What is expected:
An identical copy of all records below is to be written out.

Extracted data entries:

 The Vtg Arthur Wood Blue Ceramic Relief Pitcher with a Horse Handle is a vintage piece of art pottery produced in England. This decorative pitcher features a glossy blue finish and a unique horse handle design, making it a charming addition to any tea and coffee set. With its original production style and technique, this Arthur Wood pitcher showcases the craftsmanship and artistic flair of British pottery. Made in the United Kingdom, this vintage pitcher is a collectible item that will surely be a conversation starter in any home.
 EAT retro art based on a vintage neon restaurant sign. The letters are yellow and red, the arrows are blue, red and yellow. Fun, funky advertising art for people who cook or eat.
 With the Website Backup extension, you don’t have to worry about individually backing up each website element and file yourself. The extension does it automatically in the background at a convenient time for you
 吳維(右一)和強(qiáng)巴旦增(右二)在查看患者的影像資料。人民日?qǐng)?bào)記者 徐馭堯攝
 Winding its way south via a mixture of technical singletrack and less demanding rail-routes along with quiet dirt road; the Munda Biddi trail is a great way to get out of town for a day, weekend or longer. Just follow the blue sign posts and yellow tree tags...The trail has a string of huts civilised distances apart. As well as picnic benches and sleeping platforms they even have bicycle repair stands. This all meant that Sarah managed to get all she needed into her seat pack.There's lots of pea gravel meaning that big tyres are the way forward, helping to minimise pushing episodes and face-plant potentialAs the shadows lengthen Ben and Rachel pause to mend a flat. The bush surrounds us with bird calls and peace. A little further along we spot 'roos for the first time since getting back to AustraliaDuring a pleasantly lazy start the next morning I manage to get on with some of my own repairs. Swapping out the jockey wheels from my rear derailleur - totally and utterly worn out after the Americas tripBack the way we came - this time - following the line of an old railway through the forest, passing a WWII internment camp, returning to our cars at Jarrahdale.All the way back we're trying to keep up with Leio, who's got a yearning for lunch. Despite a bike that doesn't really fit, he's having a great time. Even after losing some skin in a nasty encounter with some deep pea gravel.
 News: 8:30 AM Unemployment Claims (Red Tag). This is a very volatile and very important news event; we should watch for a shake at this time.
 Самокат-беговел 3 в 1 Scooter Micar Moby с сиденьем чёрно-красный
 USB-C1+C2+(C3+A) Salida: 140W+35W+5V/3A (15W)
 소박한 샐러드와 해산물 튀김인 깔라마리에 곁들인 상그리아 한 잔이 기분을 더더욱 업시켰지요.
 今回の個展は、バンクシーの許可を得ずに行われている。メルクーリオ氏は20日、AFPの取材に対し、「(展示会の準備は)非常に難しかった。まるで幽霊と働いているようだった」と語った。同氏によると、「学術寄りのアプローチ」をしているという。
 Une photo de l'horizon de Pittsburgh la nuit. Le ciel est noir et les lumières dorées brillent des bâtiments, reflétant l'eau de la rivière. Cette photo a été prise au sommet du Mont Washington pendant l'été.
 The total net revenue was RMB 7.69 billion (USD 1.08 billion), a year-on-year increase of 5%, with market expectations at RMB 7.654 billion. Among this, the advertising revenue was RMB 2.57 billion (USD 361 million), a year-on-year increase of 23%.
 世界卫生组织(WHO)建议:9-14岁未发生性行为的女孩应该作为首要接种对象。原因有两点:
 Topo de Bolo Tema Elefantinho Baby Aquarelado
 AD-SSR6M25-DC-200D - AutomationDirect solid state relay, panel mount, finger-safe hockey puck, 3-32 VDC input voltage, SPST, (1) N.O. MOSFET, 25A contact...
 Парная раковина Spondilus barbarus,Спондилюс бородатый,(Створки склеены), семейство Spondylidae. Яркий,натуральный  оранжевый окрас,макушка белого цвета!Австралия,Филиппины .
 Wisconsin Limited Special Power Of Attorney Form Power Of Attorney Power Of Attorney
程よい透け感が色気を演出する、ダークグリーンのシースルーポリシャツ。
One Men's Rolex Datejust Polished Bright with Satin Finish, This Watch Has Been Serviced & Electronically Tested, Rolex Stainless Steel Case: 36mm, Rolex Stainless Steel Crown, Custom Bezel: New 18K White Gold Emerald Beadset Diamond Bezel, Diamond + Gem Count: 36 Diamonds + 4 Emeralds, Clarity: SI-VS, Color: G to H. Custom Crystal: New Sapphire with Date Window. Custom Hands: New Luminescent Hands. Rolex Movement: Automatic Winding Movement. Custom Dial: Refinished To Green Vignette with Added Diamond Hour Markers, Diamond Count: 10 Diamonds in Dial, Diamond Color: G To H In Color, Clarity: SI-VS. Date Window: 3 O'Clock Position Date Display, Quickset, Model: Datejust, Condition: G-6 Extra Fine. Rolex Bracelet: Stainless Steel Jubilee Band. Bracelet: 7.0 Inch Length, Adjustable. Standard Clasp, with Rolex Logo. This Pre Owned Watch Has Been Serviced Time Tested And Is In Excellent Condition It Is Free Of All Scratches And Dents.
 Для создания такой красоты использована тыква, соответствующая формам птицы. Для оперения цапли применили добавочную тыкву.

Solution for this exercise:
 The Vtg Arthur Wood Blue Ceramic Relief Pitcher with a Horse Handle is a vintage piece of art pottery produced in England. This decorative pitcher features a glossy blue finish and a unique horse handle design, making it a charming addition to any tea and coffee set. With its original production style and technique, this Arthur Wood pitcher showcases the craftsmanship and artistic flair of British pottery. Made in the United Kingdom, this vintage pitcher is a collectible item that will surely be a conversation starter in any home.
 EAT retro art based on a vintage neon restaurant sign. The letters are yellow and red, the arrows are blue, red and yellow. Fun, funky advertising art for people who cook or eat.
 With the Website Backup extension, you don’t have to worry about individually backing up each website element and file yourself. The extension does it automatically in the background at a convenient time for you
 吳維(右一)和強(qiáng)巴旦增(右二)在查看患者的影像資料。人民日?qǐng)?bào)記者 徐馭堯攝
 Winding its way south via a mixture of technical singletrack and less demanding rail-routes along with quiet dirt road; the Munda Biddi trail is a great way to get out of town for a day, weekend or longer. Just follow the blue sign posts and yellow tree tags...The trail has a string of huts civilised distances apart. As well as picnic benches and sleeping platforms they even have bicycle repair stands. This all meant that Sarah managed to get all she needed into her seat pack.There's lots of pea gravel meaning that big tyres are the way forward, helping to minimise pushing episodes and face-plant potentialAs the shadows lengthen Ben and Rachel pause to mend a flat. The bush surrounds us with bird calls and peace. A little further along we spot 'roos for the first time since getting back to AustraliaDuring a pleasantly lazy start the next morning I manage to get on with some of my own repairs. Swapping out the jockey wheels from my rear derailleur - totally and utterly worn out after the Americas tripBack the way we came - this time - following the line of an old railway through the forest, passing a WWII internment camp, returning to our cars at Jarrahdale.All the way back we're trying to keep up with Leio, who's got a yearning for lunch. Despite a bike that doesn't really fit, he's having a great time. Even after losing some skin in a nasty encounter with some deep pea gravel.
 News: 8:30 AM Unemployment Claims (Red Tag). This is a very volatile and very important news event; we should watch for a shake at this time.
 Самокат-беговел 3 в 1 Scooter Micar Moby с сиденьем чёрно-красный
 USB-C1+C2+(C3+A) Salida: 140W+35W+5V/3A (15W)
 소박한 샐러드와 해산물 튀김인 깔라마리에 곁들인 상그리아 한 잔이 기분을 더더욱 업시켰지요.
 今回の個展は、バンクシーの許可を得ずに行われている。メルクーリオ氏は20日、AFPの取材に対し、「(展示会の準備は)非常に難しかった。まるで幽霊と働いているようだった」と語った。同氏によると、「学術寄りのアプローチ」をしているという。
 Une photo de l'horizon de Pittsburgh la nuit. Le ciel est noir et les lumières dorées brillent des bâtiments, reflétant l'eau de la rivière. Cette photo a été prise au sommet du Mont Washington pendant l'été.
 The total net revenue was RMB 7.69 billion (USD 1.08 billion), a year-on-year increase of 5%, with market expectations at RMB 7.654 billion. Among this, the advertising revenue was RMB 2.57 billion (USD 361 million), a year-on-year increase of 23%.
 世界卫生组织(WHO)建议:9-14岁未发生性行为的女孩应该作为首要接种对象。原因有两点:
 Topo de Bolo Tema Elefantinho Baby Aquarelado
 AD-SSR6M25-DC-200D - AutomationDirect solid state relay, panel mount, finger-safe hockey puck, 3-32 VDC input voltage, SPST, (1) N.O. MOSFET, 25A contact...
 Парная раковина Spondilus barbarus,Спондилюс бородатый,(Створки склеены), семейство Spondylidae. Яркий,натуральный  оранжевый окрас,макушка белого цвета!Австралия,Филиппины .
 Wisconsin Limited Special Power Of Attorney Form Power Of Attorney Power Of Attorney
程よい透け感が色気を演出する、ダークグリーンのシースルーポリシャツ。
One Men's Rolex Datejust Polished Bright with Satin Finish, This Watch Has Been Serviced & Electronically Tested, Rolex Stainless Steel Case: 36mm, Rolex Stainless Steel Crown, Custom Bezel: New 18K White Gold Emerald Beadset Diamond Bezel, Diamond + Gem Count: 36 Diamonds + 4 Emeralds, Clarity: SI-VS, Color: G to H. Custom Crystal: New Sapphire with Date Window. Custom Hands: New Luminescent Hands. Rolex Movement: Automatic Winding Movement. Custom Dial: Refinished To Green Vignette with Added Diamond Hour Markers, Diamond Count: 10 Diamonds in Dial, Diamond Color: G To H In Color, Clarity: SI-VS. Date Window: 3 O'Clock Position Date Display, Quickset, Model: Datejust, Condition: G-6 Extra Fine. Rolex Bracelet: Stainless Steel Jubilee Band. Bracelet: 7.0 Inch Length, Adjustable. Standard Clasp, with Rolex Logo. This Pre Owned Watch Has Been Serviced Time Tested And Is In Excellent Condition It Is Free Of All Scratches And Dents.
 Для создания такой красоты использована тыква, соответствующая формам птицы. Для оперения цапли применили добавочную тыкву.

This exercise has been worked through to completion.